Thursday, 18 October 2012
I just checked facebook and i saw my good friend NEO's status update, by the way i rarely comment on all social networks these days, its too noisy, everyone wants to be heard and no one wants to listen, so i fill in the blank space and just listen to what everyone has to say. What people say really is a discussion for some other day.
The update says "wake up and be somebody", it got me thinking, who have i being all these years? who do i want to be? who am i becoming?
You know the world is such a rowdy place , that people's noise have a way of drowning your opinions, where he who is loudest wins, it does not really matter if they are right or wrong.
Well have grown to be someone different from what i was a couple of months back and yes i have grown to be a bad person, its amazing how a shift in someone's opinion can affect your whole life, crashing your plans and opinions like a domino effect.

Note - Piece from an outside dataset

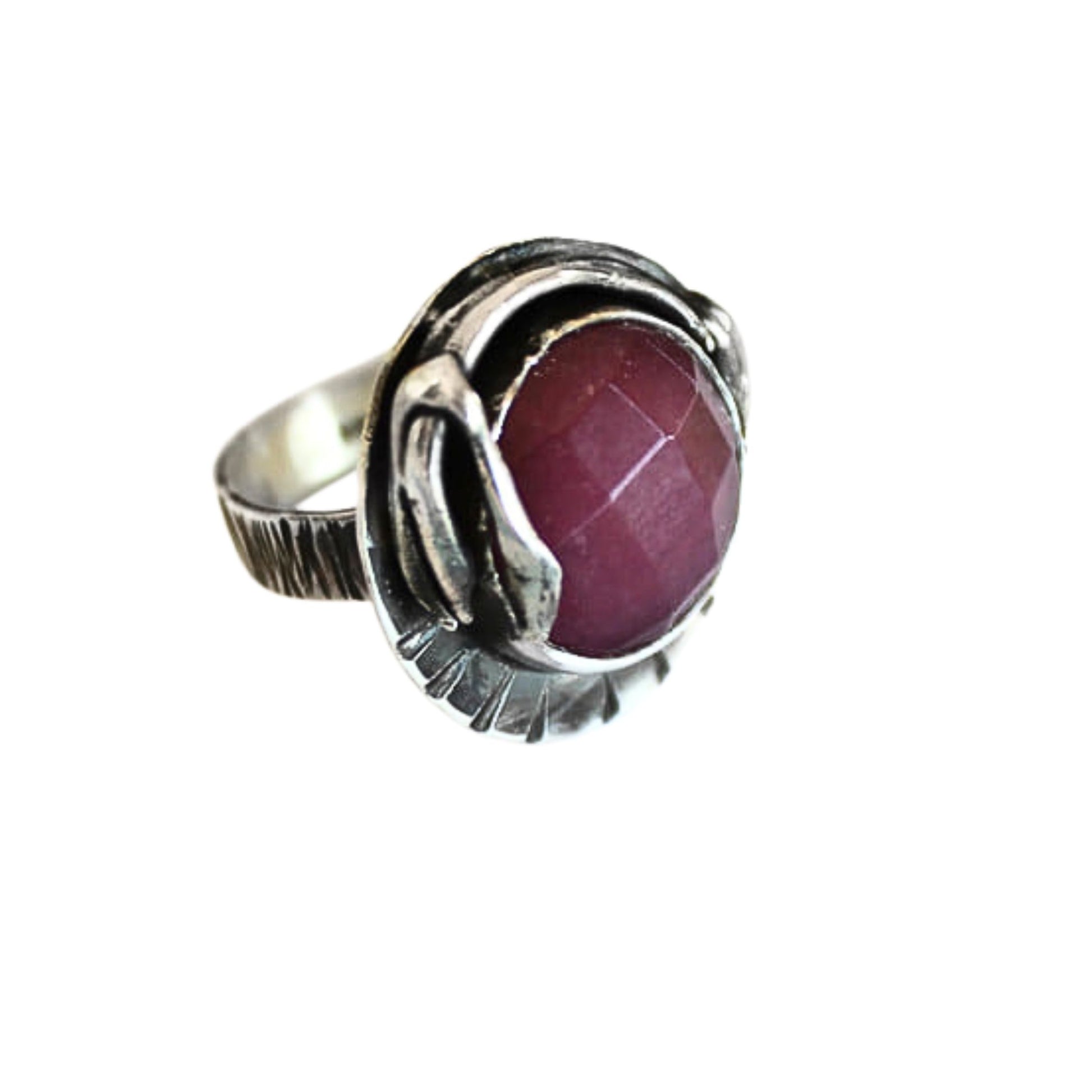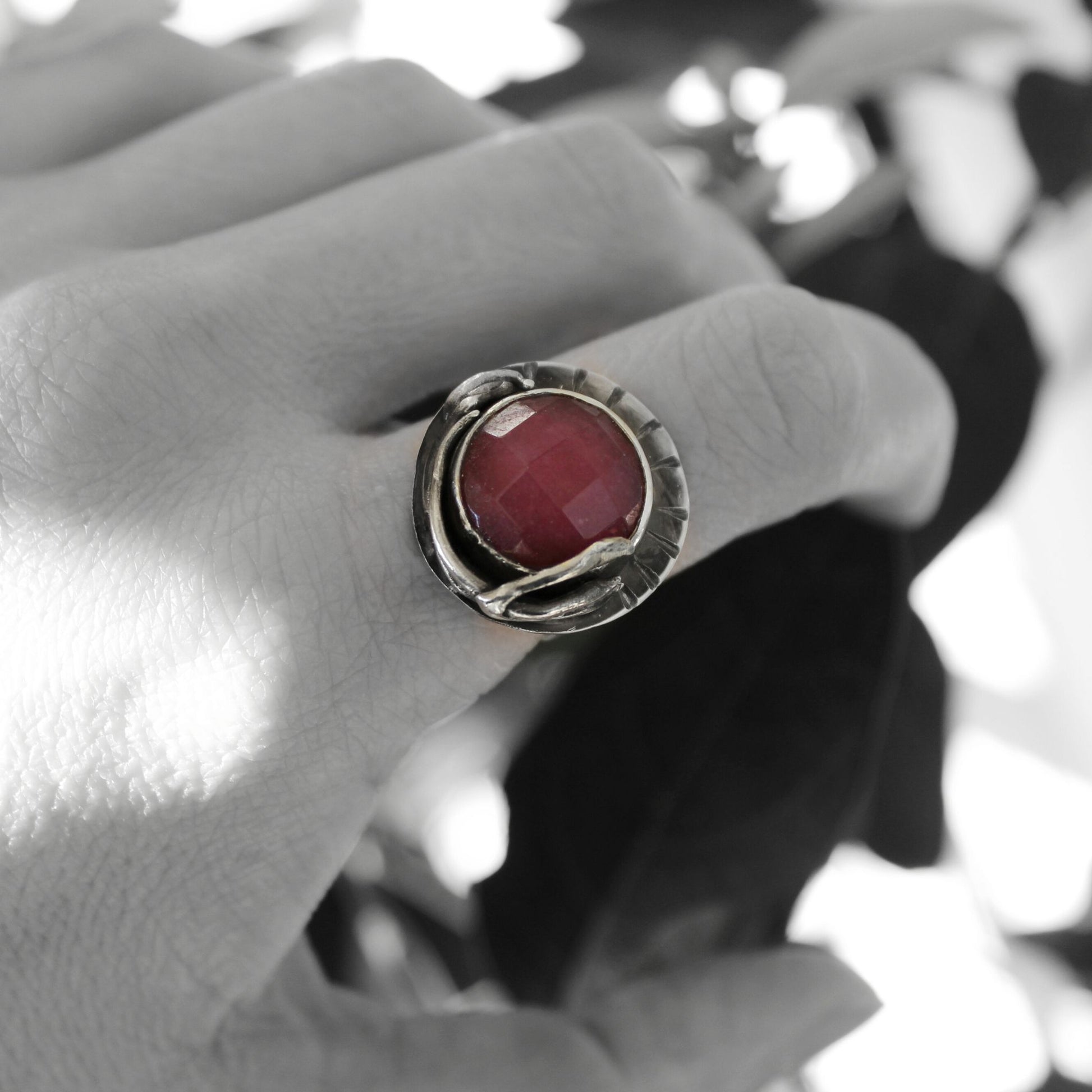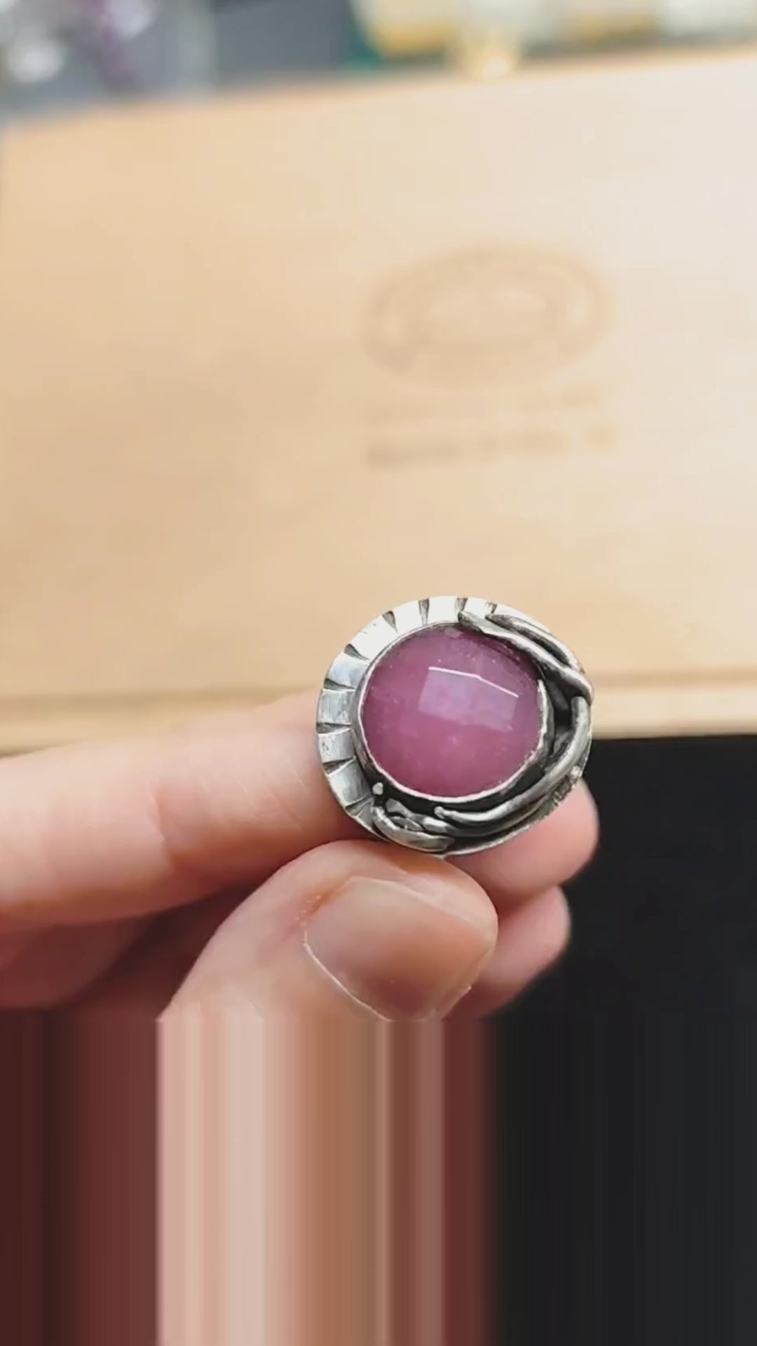 Απαλό και φωτεινό, αυτό το χειροποίητο δαχτυλίδι φιλοξενεί στο κέντρο του ένα υπέροχο ροζ Νεφρίτη (Jade) — μια πέτρα γνωστή για την ήρεμη ενέργεια και τη διακριτική της ζεστασιά. Τοποθετημένο σε μια ασημένια βάση με λεπτομέρειες εμπνευσμένες από τη φύση, αποπνέει ισορροπία και χάρη. Ένα μοναδικό statement κομμάτι.

Things i planned never to do are the things that give me relief lately, the beast in me is fully fed, and really thirsty for more. i bury my head in my palms and i think of how all this began, all the things i know can save me, and something in me keeps telling me "you just have to face this phase" , i know eventually it will pass, just like a thick cloud.

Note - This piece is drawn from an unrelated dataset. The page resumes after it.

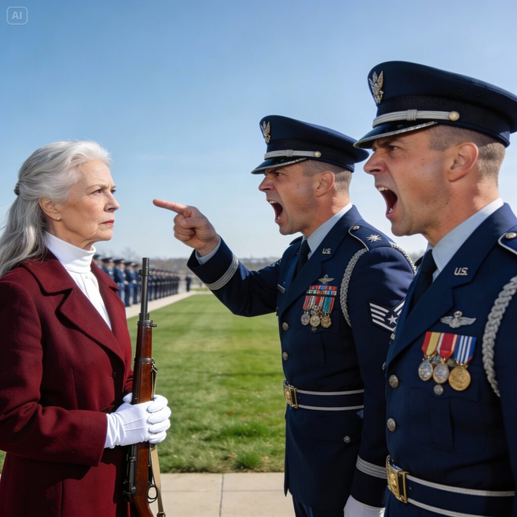 The woman in the red tweed jacket hadn’t just picked up the rifle. She had executed a “High Port” recovery with a ferocity that I had never seen before—not in basic training, not in AIT, and certainly not from the terrified privates in my detail. The barrel was angled perfectly across her body, clearing my outstretched grasping hand by less than an inch. If I had been a fraction of a second faster, the steel would have shattered my fingers.
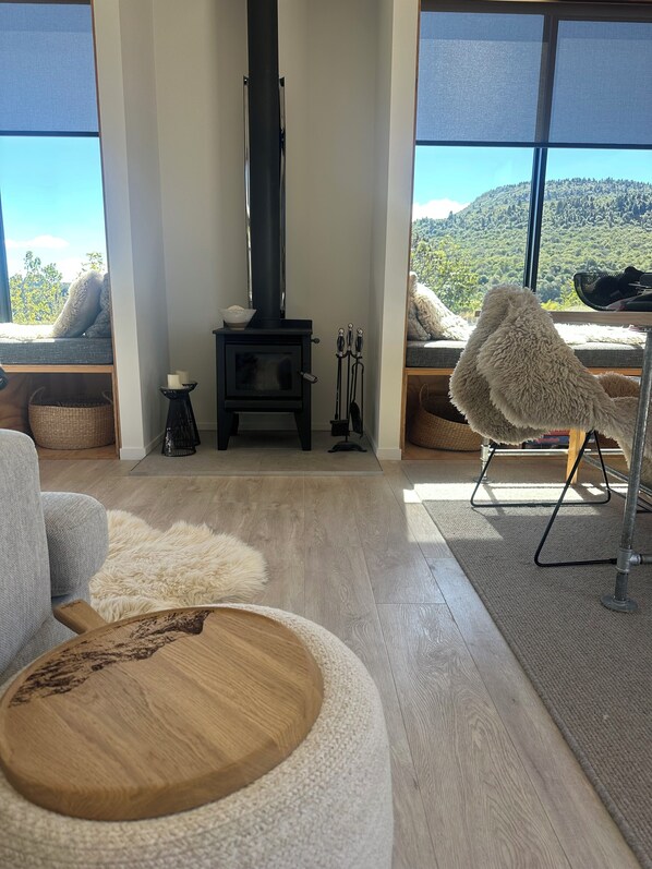 The inviting living area features a comfortable couch, warming fireplace for cozy winter evenings and days, thoughtful window seats perfect for reading, dining table along with an assortment of authentic New Zealand sheepskins for ultimate comfort. The full kitchen comes equipped with a dishwasher and all necessary kitchenware, including essential wine glasses.

This is not me , its who i have to overcome to become who i really ought to be.
I still am the person i used to be, am still a good son, brother and a good friend and just wait dont judge me yet, because this will pass, am only scaling off.
We all go through this phase, maybe not all of , just most of us. The trick is remembering who you always were and who you want to be, otherwise, you will be lost in this phase. Oblivion is the main danger here.